— Какое ещё лавэ? — грохотал Жирный.
— Да то лавэ, что я у нэпмана наштырил.
— Ты, прям, наштырил?
— Я! А то кто же? Ты что ли?
Великан стряхнул с руки мелкого и уставился на него свирепо:
— Прибью, сявка.
— Попробуй, комод ты говорящий, — не испугался Чапа, и в руке его сверкнул нож, финский, заточки бритвенной, — давай, рискни, я ливер тебе прямо тут на бордюр выпущу.
Машина остановилась, и из неё высунулось худое и жёлтое лицо, с острыми глазами под кепкой, и обладатель жёлтого лица сипло крикнул:
— Чапа, Жирный, а ну угомонитесь, на вас все фраера смотрят, вы чё тут балаган устроили?
— Закройся ты там в своей таратайке, — рявкнул на него Жирный.
— Товарищ Ефрем, берегите свою печень, — сказал ему Чапыга.
— Уроды, я товарищу Толмачёву-то доложу о вашем поведении, — не сдавался товарищ, Ефрем добавляя негромко. — Рванина. Босота поганая.

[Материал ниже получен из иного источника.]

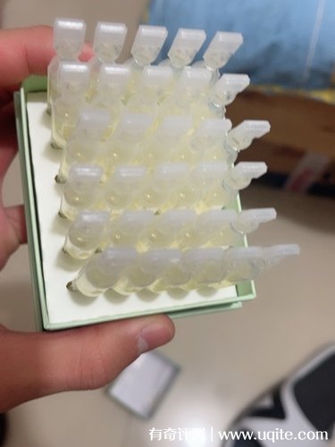 這款玻尿酸精華液都是獨(dú)立的包裝,是用一支扔一支的那種,使用起來方便、衛(wèi)生,而且出門攜帶也一點(diǎn)不麻煩。這一盒產(chǎn)品里面有六板精華液,每板五支,一共是三十只,剛好一個(gè)月的使用量。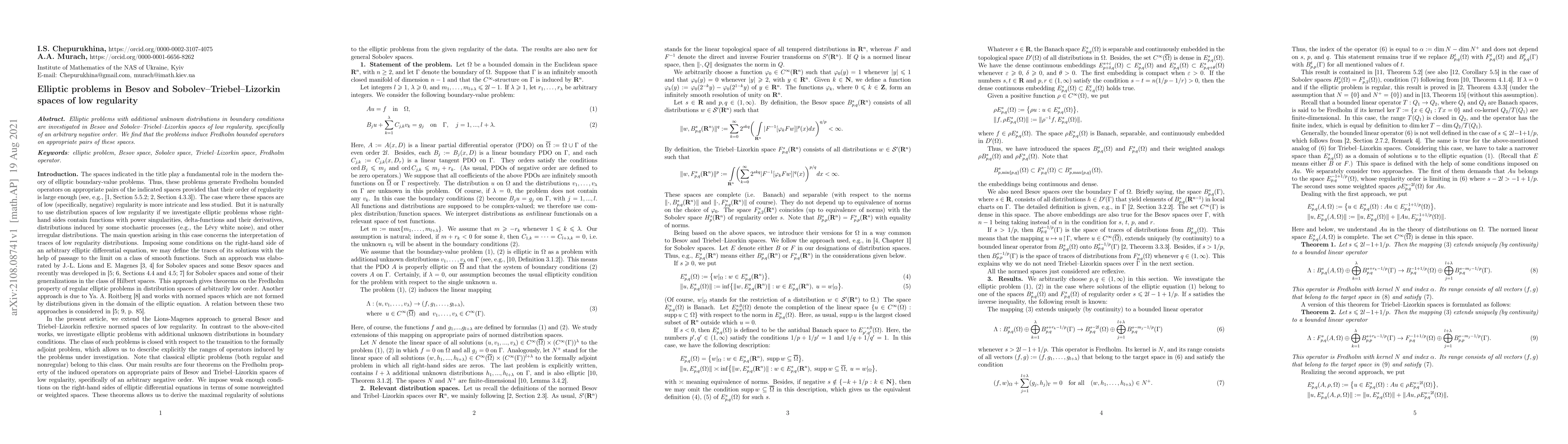This paper investigates elliptic problems with boundary conditions involving unknown distributions in Besov and Sobolev-Triebel-Lizorkin spaces of low regularity, specifically negative order. It demonstrates that these problems result in Fredholm bounded operators on suitable pairs of these function spaces.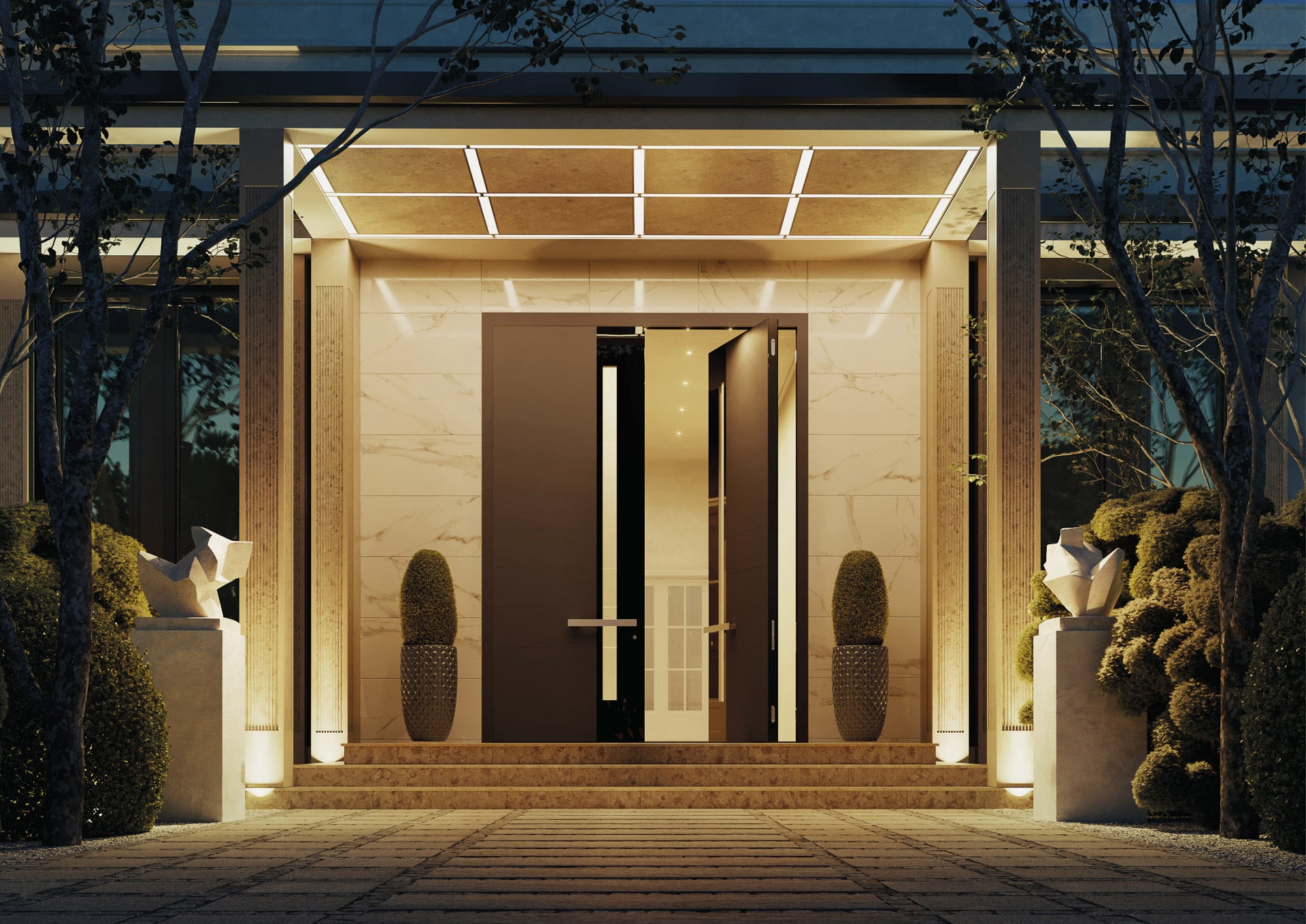 Pivot doors are robust, large, modern, and visually stunning. Pivot doors that are finished in wood or marble are an ideal design element and perfect to increase safety and boost the aesthetics of your entrance.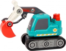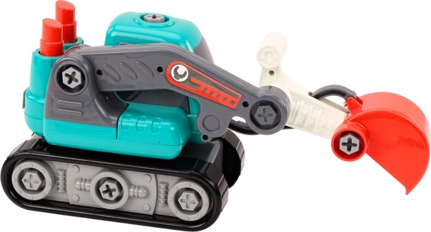 Tento kreslený pásový bager v tyrkysovej farbe nadchne každé dieťa, ktoré miluje staveniská a techniku. Vďaka skrutkám a priloženým nástrojom si deti môžu vozidlo samy rozobrať a opäť zložiť, čím rozvíjajú trpezlivosť, logické myslenie a zručnosť.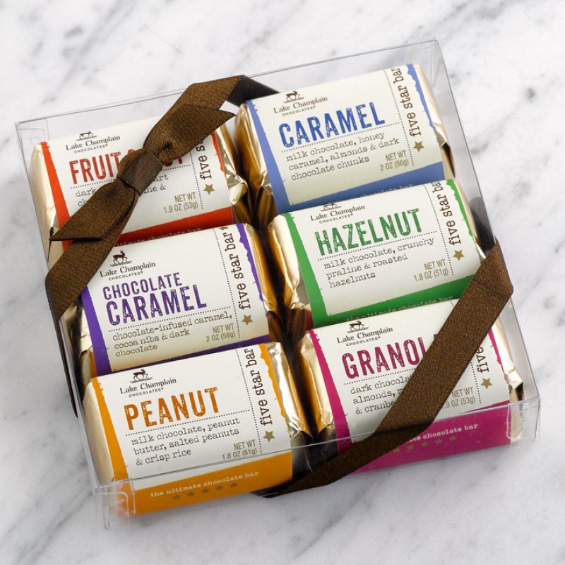 When it comes to Five Star Bars, everyone has a favorite . . . and the best way to find yours is to try as many as you can! This six-piece, Fair Trade Certified™ gift pack features: original Caramel, popular Hazelnut, crispy Peanut Butter, tempting Fruit & Nut, crunchy-chewy Granola, and rich Chocolate Caramel. As featured in Steve Almond's book, Candyfreak — yes, these are the ones!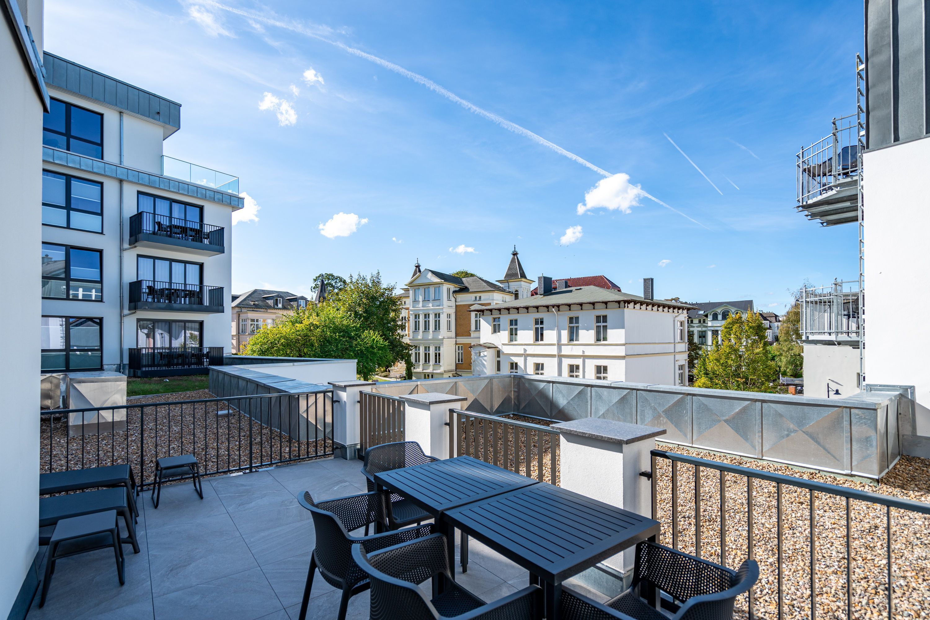 Die 2024 fertig gestellte Strandterrasse liegt direkt an der belebten Strandpromenade und bietet einen einzigartigen Ausblick auf die Grand Dame der historischen Seebrücken sowie die historische Konzertmuschel, einem beliebten Treffpunkt für Kunst und Kultur. Dahinter liegt die Ostsee ein Panorama, das zu den schönsten in den Kaiserbädern gehört. Es ist wie das Abtauchen in eine andere Zeit. In eine Zeit, in der man mit Stock, Sonnenschirm und Hut fürs „Sehen und gesehen werden“ über die Promenade schlenderte; aber auch in eine Zeit, in der damals wie heute Zeit einmal für eine kurze Weile keine Rolle spielt. Weil man angekommen ist im Loslassen, Entspannen und Genießen. Es ist dieser besondere Geruch nach Meeresluft und Freiheit, der in Erinnerung bleibt. Dazu die Bilder, die man mitnimmt. Von langen Strandspaziergängen, vom Lachen in fröhlich schäumenden Ostseewellen, von der Zeit in einem wunderschönen Urlaubsdomizil. Denn genau das ist die Strandterrasse mit ihren 56 modernen und exklusiven Ferienappartements direkt gegenüber der Ahlbecker Seebrücke. Die Ein-, Zwei- oder Dreizimmerwohnungen zwischen 40 und 70 Quadratmeter groß sind von einer Innenarchitektin gemeinsam mit unserem Erfahrungsschatz an Gästewünschen mit viel Liebe zum Detail und ganz individuell konzipiert worden. Entspannung und Wohlfühlen stehen an erster Stelle. Alles ist aufeinander abgestimmt und sorgt für eine gemütliche Atmosphäre. Wählen Sie zwischen einem Domizil in einem hellen, sandfarbenen Designkonzept oder einem Appartement mit anthrazitfarbenen Farbakzenten. Alle Appartements verfügen gleichermaßen über eine stilvolle und komfortable Einrichtung, die passgenau angefertigt worden ist, sowie über moderne Küchen und Bäder. Jedem Schlafzimmer ist ein eigenes Bad mit Dusche zugeordnet (außer App. B4.5). Die Appartements besitzen fast alle einen Balkon viele schauen sogar zur Ostsee hinaus. Die meisten Feriendomizile haben einen Elektrokamin und Infrarotsaunen. Im Erdgeschoss befindet sich ein separater Gemeinschaftsraum für Fahrräder. Außerdem besteht die Möglichkeit, im Gemeinschaftswaschraum 2 Waschmaschinen & Trockner zu nutzen. Ergänzt wird das Angebot durch eine Gemeinschaftssauna, die täglich von 11:00 bis 22:00 Uhr nutzbar ist. In der Tiefgarage (Einfahrtshöhe 2,03 Meter) steht für jede Wohnung 1 Pkw-Stellplatz zur Verfügung. Ist alles zur Zufriedenheit untergebracht? Dann kann der Urlaub ja beginnen. Und beim Blick vom Balkon über die Ostsee treffen sich zum Sonnenaufgang das Heute und das Damals. Gelassenheit legt sich beim Gang hinunter an den Strand auf die Seele. Jetzt darf die Zeit stehenbleiben.

Напоминание о товарище Толмачёве подействовало на МУРовцев благостно, Чапа спрятал нож в рукав, а Жирный нехотя и вздыхая полез во внутренний карман пиджака, достал оттуда пачку ассигнаций и не считая, поделил её на две неравные части, меньшую отдал коллеге.
— У, гнида, жирная, — злился Чапыга, но больше не заводился.
— Захлопнись, сявка, — отозвался великан, и они пошли к аптеке.
— Вы куда? — снова высовывался из авто Ефрем.
— Мы в аптеку, — отзывался великан.
— Чапа, пёс, не вздумай покупать морфий, — не успокаивался в своём авто Ефрем.
— Товарищ Ефрем, завалите вы свою ротовую полость, пожалуйста, и тогда я куплю вам в аптеке очень вкусных пилюль, для вашей бедной печени, — огрызался мелкий бандит.
Ефрем только сплюнул зло.
Товарищ Толмачёв был спокоен. Звонок следовал за звонком, и ничего в том удивительного не было, садясь в это кресло, он предполагал, что так и будет. Так и было. Звонили всякие товарищи, даже те глотки, которых он разорвал бы собственноручно, доведись случай. Но сейчас, он спокойно и корректно отвечал им на их вопросы, вежливо отказывался от помощи, объяснял ситуацию. А они выражали соболезнования. И требовали массовых и показательных акций. Толмачёв успокаивал их, говорил, что сейчас, когда контрреволюция побеждена и военный коммунизм в прошлом, вспышки красного террора нецелесообразны, и даже вредны для общего дела. Товарищи соглашались с ним, тем не менее, настаивая на самой суровой каре для совершивших убийство и всех прочих, как-либо причастных к нему. Владимир Николаевич обещал, что наказание будет самым суровым и показательным. И что никто не уйдёт от заслуженной кары. Потом клал трубку и ждал следующего звонка. И так раз за разом. Пока в дверь не постучались.